O fim do confinamento será variável consoante as regiões e concretizado "em função da situação epidemiológica do momento e da sua estabilidade", precisou.

Putin ordenou ainda a elaboração de novas medidas de "urgência" destinadas a apoiar a economia e a população.

Na segunda-feira, a responsável pelos serviços de saúde do país, Anna Popova, tinha já anunciado a eventualidade de uma redução das medidas de confinamento a partir de meados de maio "se tudo correr bem".

Segundo a especialista, essa medida seria possível a partir de 12 de maio, mas "se tudo correr bem" durante os três períodos de incubação da doença provocada pelo novo coronavírus.

Anna Popova precisou que até ao momento a Rússia superou os dois períodos de confinamento (de 14 dias cada um) e o país enfrenta a última prova, que coincide com as festas de maio. A responsável considerou ainda ser "necessário mais tempo" para quebrar a curva de contágios na Rússia.

O Presidente russo, Vladimir Putin, impôs uma pausa laboral durante o mês de abril para conter a propagação do novo coronavírus no país e as autoridades de cada região impuseram distintas formas de confinamento às suas populações.

Apesar das medidas de apoio aos empresários, em particular a redução de impostos e facilidades de crédito, numerosas empresas poderão não sobreviver a este período de inatividade.

Segundo o Presidente, a Rússia aumentou as suas capacidades de produção para garantir, a partir de maio, o fabrico mensal de 2.500 respiradores artificiais e de 8,5 milhões e máscaras de proteção. A produção de testes de despistagem foi multiplicada por nove e estão a ser disponibilizados diariamente 150.000, acrescentou.

No entanto, reconheceu que persiste a escassez de material de proteção e ordenou ao Governo para adotar medidas suplementares destinadas ao aumento da produção.

A nível global, segundo um balanço da agência de notícias AFP, a pandemia de covid-19 já provocou mais de 211 mil mortos e infetou mais de três milhões de pessoas em 193 países e territórios.

Mais de 832 mil doentes foram considerados curados.
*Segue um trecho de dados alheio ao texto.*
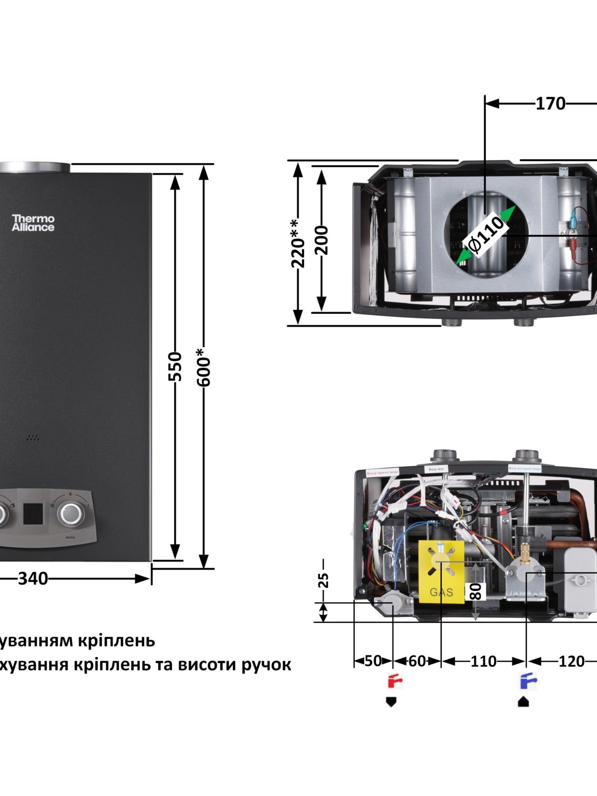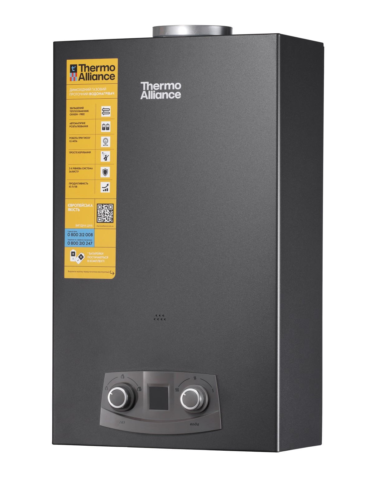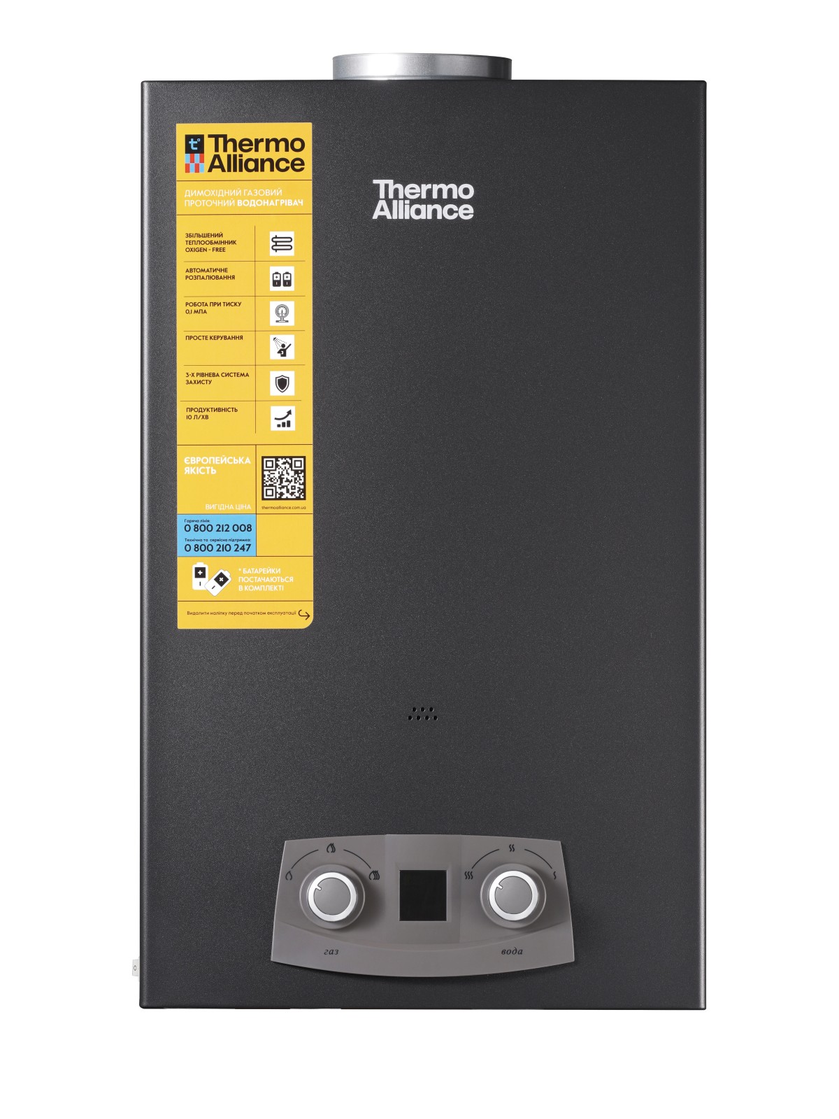 Газова колонка Thermo Alliance димохідна JSD20-10N-QB EURO+ 10л Black (чорна) namp;#8212; відмінне рішення для задоволення господарсько-побутових потреб у гарячій воді. Видалення продуктів згоряння газу відбувається за допомогою природної тяги. Електроживлення, яке необхідне для запуску процесу розпалу при відкритті крана ГВП, забезпечують дві батарейки постійного струму типу D. Корпус виробу чорного матового кольору , на лицьовій стороні внизу розташовані ручки регулювання параметрів роботи приладу. Теплообмінник виготовленний за технологією Oxygen Free (99,9% міді) вагою 2,4 кг з збільшеним перерізом труб.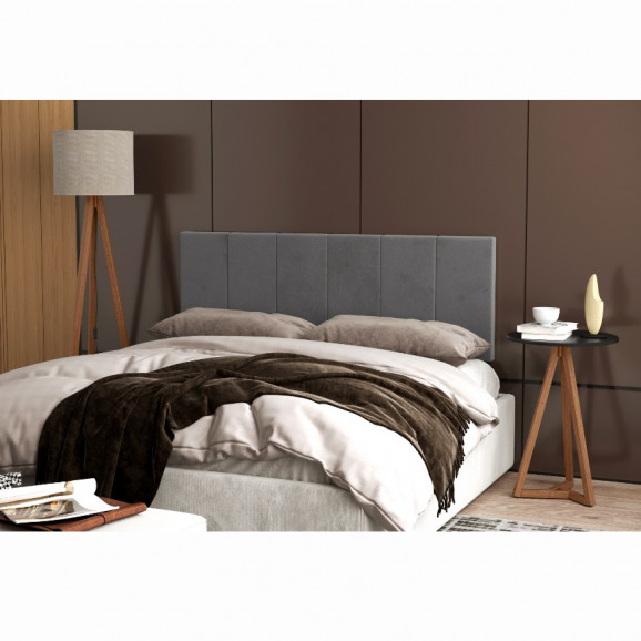 Conjunto Cabeceira 1,60 Cinza c/Mesa Redonda e Luminaria Amadeirado/Preto OFERTAMO

Os Estados Unidos são o país com mais mortos (56.253) e mais casos de infeção confirmados (cerca de um milhão).

Seguem-se Itália (26.977 mortos, quase 200 mil casos), Espanha (23.822 mortos, perto de 211 mil casos), França (23.293 mortos, cerca de 166 mil casos) e Reino Unido (21.092 mortos, mais de 157 mil casos).

Por regiões, a Europa soma quase 127 mil mortos (mais de 1,4 milhões de casos), Estados Unidos e Canadá mais de 59 mil mortos (mais de um milhão de casos), América Latina e Caribe perto de 8.900 mortos (quase 178 mil casos), Ásia mais de 8.200 mortos (perto de 209 mil casos), Médio Oriente mais de 6.480 mortos (cerca de 160 mil casos), África mais de 1.460 mortos (mais de 33 mil casos) e Oceânia 110 mortos (mais de oito mil casos).